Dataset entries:
|---|

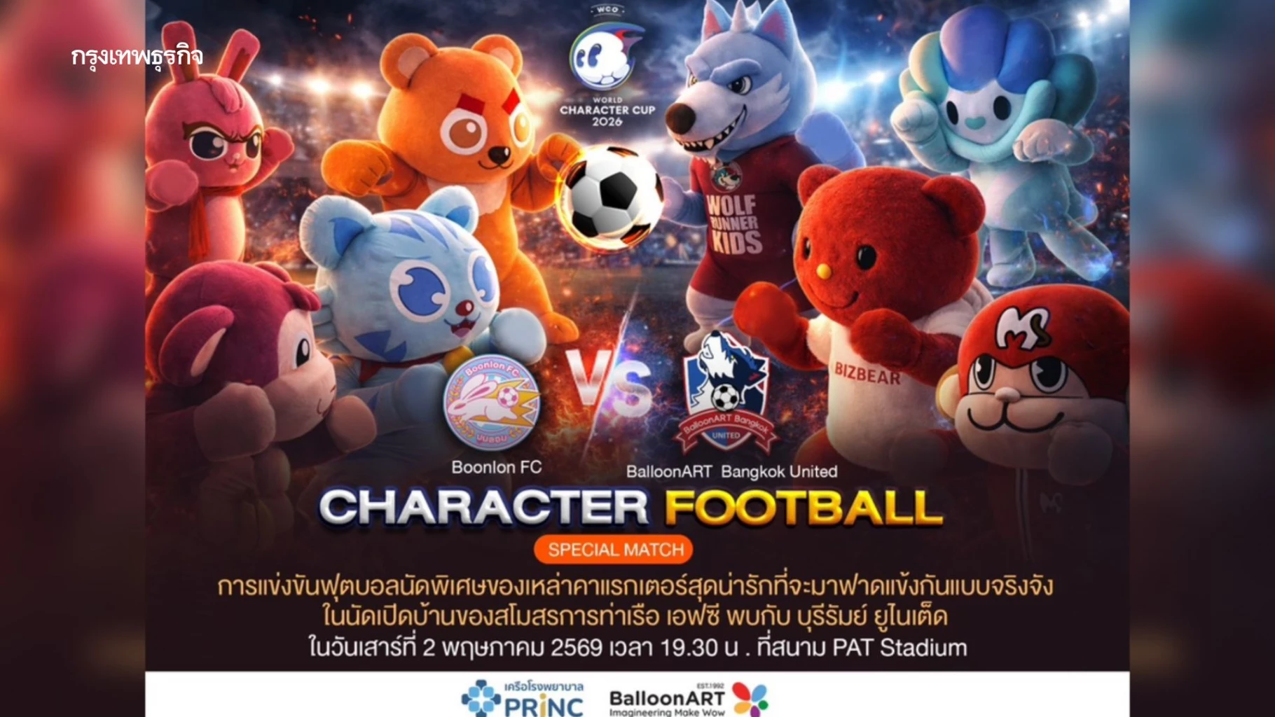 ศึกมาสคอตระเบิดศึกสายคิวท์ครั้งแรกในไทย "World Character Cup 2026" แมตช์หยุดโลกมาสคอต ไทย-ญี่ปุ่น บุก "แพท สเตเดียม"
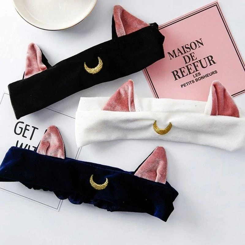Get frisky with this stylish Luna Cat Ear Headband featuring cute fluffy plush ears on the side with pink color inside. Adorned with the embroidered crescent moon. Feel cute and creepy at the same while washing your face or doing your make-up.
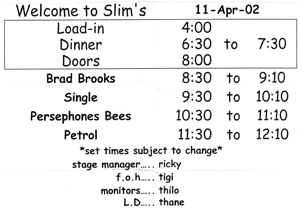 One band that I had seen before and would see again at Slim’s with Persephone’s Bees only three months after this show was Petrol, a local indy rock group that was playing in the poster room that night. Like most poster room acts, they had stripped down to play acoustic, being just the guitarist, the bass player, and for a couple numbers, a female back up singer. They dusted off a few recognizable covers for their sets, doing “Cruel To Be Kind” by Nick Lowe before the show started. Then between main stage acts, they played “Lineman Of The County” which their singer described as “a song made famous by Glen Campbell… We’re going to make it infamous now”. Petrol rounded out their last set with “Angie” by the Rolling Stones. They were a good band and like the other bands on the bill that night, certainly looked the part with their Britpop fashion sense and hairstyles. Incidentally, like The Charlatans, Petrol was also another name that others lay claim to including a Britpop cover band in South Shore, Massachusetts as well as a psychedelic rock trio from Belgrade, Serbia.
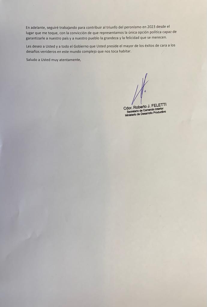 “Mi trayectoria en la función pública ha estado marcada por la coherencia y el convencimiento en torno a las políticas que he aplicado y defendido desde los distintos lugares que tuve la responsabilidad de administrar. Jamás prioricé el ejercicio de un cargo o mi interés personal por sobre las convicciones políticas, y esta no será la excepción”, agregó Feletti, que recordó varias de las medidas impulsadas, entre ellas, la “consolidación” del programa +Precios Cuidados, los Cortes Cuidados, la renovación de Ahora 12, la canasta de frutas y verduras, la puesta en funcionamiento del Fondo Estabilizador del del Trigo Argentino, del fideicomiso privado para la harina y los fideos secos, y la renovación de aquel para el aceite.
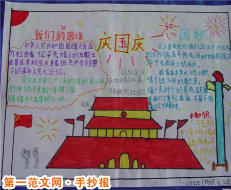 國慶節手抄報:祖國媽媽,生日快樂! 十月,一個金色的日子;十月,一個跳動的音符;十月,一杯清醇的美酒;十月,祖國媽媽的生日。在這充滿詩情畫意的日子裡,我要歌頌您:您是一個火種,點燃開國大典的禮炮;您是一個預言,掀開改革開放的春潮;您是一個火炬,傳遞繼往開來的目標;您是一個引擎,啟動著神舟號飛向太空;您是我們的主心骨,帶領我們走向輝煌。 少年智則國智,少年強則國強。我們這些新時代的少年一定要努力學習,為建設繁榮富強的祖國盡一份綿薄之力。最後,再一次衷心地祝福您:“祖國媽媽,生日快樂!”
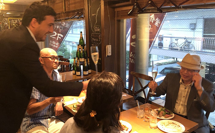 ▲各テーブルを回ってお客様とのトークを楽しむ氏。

|---|

▸ **Task objective**:
Copy the entries character for character, excluding any pictures.

▸ **Output of the exercise**:
 ศึกมาสคอตระเบิดศึกสายคิวท์ครั้งแรกในไทย "World Character Cup 2026" แมตช์หยุดโลกมาสคอต ไทย-ญี่ปุ่น บุก "แพท สเตเดียม"
Get frisky with this stylish Luna Cat Ear Headband featuring cute fluffy plush ears on the side with pink color inside. Adorned with the embroidered crescent moon. Feel cute and creepy at the same while washing your face or doing your make-up.
 One band that I had seen before and would see again at Slim’s with Persephone’s Bees only three months after this show was Petrol, a local indy rock group that was playing in the poster room that night. Like most poster room acts, they had stripped down to play acoustic, being just the guitarist, the bass player, and for a couple numbers, a female back up singer. They dusted off a few recognizable covers for their sets, doing “Cruel To Be Kind” by Nick Lowe before the show started. Then between main stage acts, they played “Lineman Of The County” which their singer described as “a song made famous by Glen Campbell… We’re going to make it infamous now”. Petrol rounded out their last set with “Angie” by the Rolling Stones. They were a good band and like the other bands on the bill that night, certainly looked the part with their Britpop fashion sense and hairstyles. Incidentally, like The Charlatans, Petrol was also another name that others lay claim to including a Britpop cover band in South Shore, Massachusetts as well as a psychedelic rock trio from Belgrade, Serbia.
 “Mi trayectoria en la función pública ha estado marcada por la coherencia y el convencimiento en torno a las políticas que he aplicado y defendido desde los distintos lugares que tuve la responsabilidad de administrar. Jamás prioricé el ejercicio de un cargo o mi interés personal por sobre las convicciones políticas, y esta no será la excepción”, agregó Feletti, que recordó varias de las medidas impulsadas, entre ellas, la “consolidación” del programa +Precios Cuidados, los Cortes Cuidados, la renovación de Ahora 12, la canasta de frutas y verduras, la puesta en funcionamiento del Fondo Estabilizador del del Trigo Argentino, del fideicomiso privado para la harina y los fideos secos, y la renovación de aquel para el aceite.
 國慶節手抄報:祖國媽媽,生日快樂! 十月,一個金色的日子;十月,一個跳動的音符;十月,一杯清醇的美酒;十月,祖國媽媽的生日。在這充滿詩情畫意的日子裡,我要歌頌您:您是一個火種,點燃開國大典的禮炮;您是一個預言,掀開改革開放的春潮;您是一個火炬,傳遞繼往開來的目標;您是一個引擎,啟動著神舟號飛向太空;您是我們的主心骨,帶領我們走向輝煌。 少年智則國智,少年強則國強。我們這些新時代的少年一定要努力學習,為建設繁榮富強的祖國盡一份綿薄之力。最後,再一次衷心地祝福您:“祖國媽媽,生日快樂!”
 ▲各テーブルを回ってお客様とのトークを楽しむ氏。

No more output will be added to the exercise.